Евочкино яблочко лежало позабытое на столе, ярко-румяное, крымское, какие вешают на елках. Вероника подала ей яблочко. Она крепко схватила и зажала это яблочко в руке и успокоилась, замерла. Потом, точно от электрического удара, вся содрогнулась от головы до пят, и яблочко, выскочив из разжавшейся руки, выскользнуло и покатилось по полу, широко раскрытые глаза остановились, но рот все еще продолжал ритмически раскрываться, точно ловил воздух…
– Кончилась! – сказал Ермишка, заметя, что рот уже не раскрывается.
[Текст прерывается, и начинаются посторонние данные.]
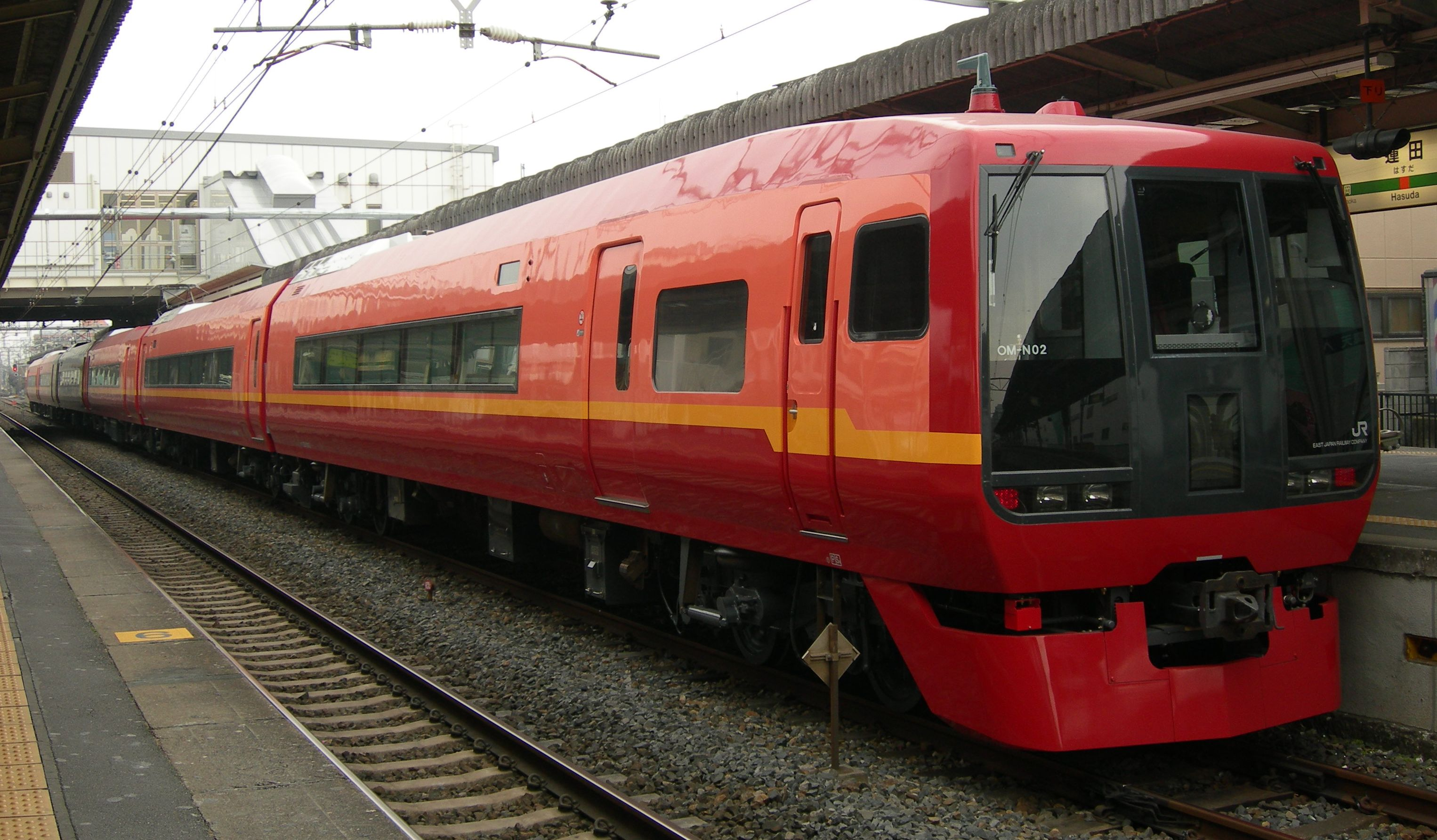 JR East 253-1000 series EMU set OM-N02 at Hasuda Station during test running

Вероника выбежала на балкон. Светало. Клубился туман над морем, из-за горизонта выползали на небо темносизые чудища. Злобно набрасывалось море на прибрежные скалы. Красный краешек восходящего солнца над горами казался зажженным на вершинах костром.
Вероника села на ступеньке лесенки и, прижавшись к стене, потихоньку заплакала. Точно умер последний и самый близкий человек на всей земле.
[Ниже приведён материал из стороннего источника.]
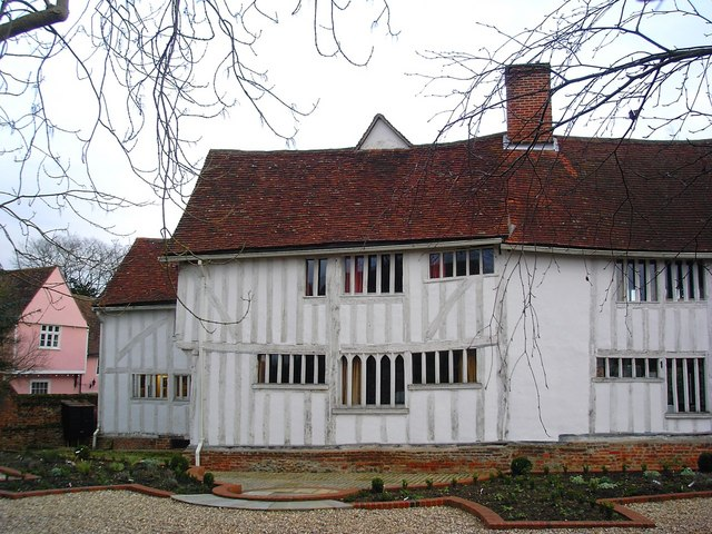 Lavenham Priory, Rear view Truly splendid bed and breakfast accommodation.

Вышел Ермишка, постоял позади, покручивая ус, и испугал, произнеся:
– Отсыреете, барышня! Туманно очень.
– Вы это?.. Я забыла, что вы…
– Старуха мне сейчас палец укусила! Я хотел в дверь поглядеть, а она схватила палец да в рот! Ладно, зубов мало… Ее надо в сумасшедший дом, в больнице для них барак есть…
Ничего не слышала Вероника. Думы ее, как тучи из-под горизонта, ползли тяжелые, мрачные, и тоже походили на чудовища, как и выползавшие из моря тучи…
– Девчонка ревет, барышня!
Перестал Ермишка называть Веронику «княгиней», стал называть «барышней».
– Барышня! – Дотронулся до плеча. – Девчонка вас требует.
И вдруг Вероника услыхала: плачет Евочка. И все думы точно испугались и отлетели: ее зовет бедная Евочка, покинутая всеми сироточка, похожая на Божьего ангела… Пошла к ней в комнату, схватила на руки и крепко прижала к груди тепленькое, нежненькое и румяное тельце. Целовала со слезами на глазах и уговаривала Евочку не плакать:
– Не плачь! Мама спит. Не мешай ей…
– Пойдем к маме!
А мамы нет. И скорбью сжималась душа Вероники. Вспоминались недавние слова Лады: если она умрет, Вероника будет «мамой»… Успокоила девочку и прилегла на ладиной постели, рядом с Евочкой. Страшная усталость охватила ее тело и душу – словно надорвалась от непосильной тяжести. Горячая щечка ребенка прижалась к ее полуобнаженной груди, и от этого рождалась в ее душе невыразимая любовь и нежность, побеждавшие страх смерти и все страдания…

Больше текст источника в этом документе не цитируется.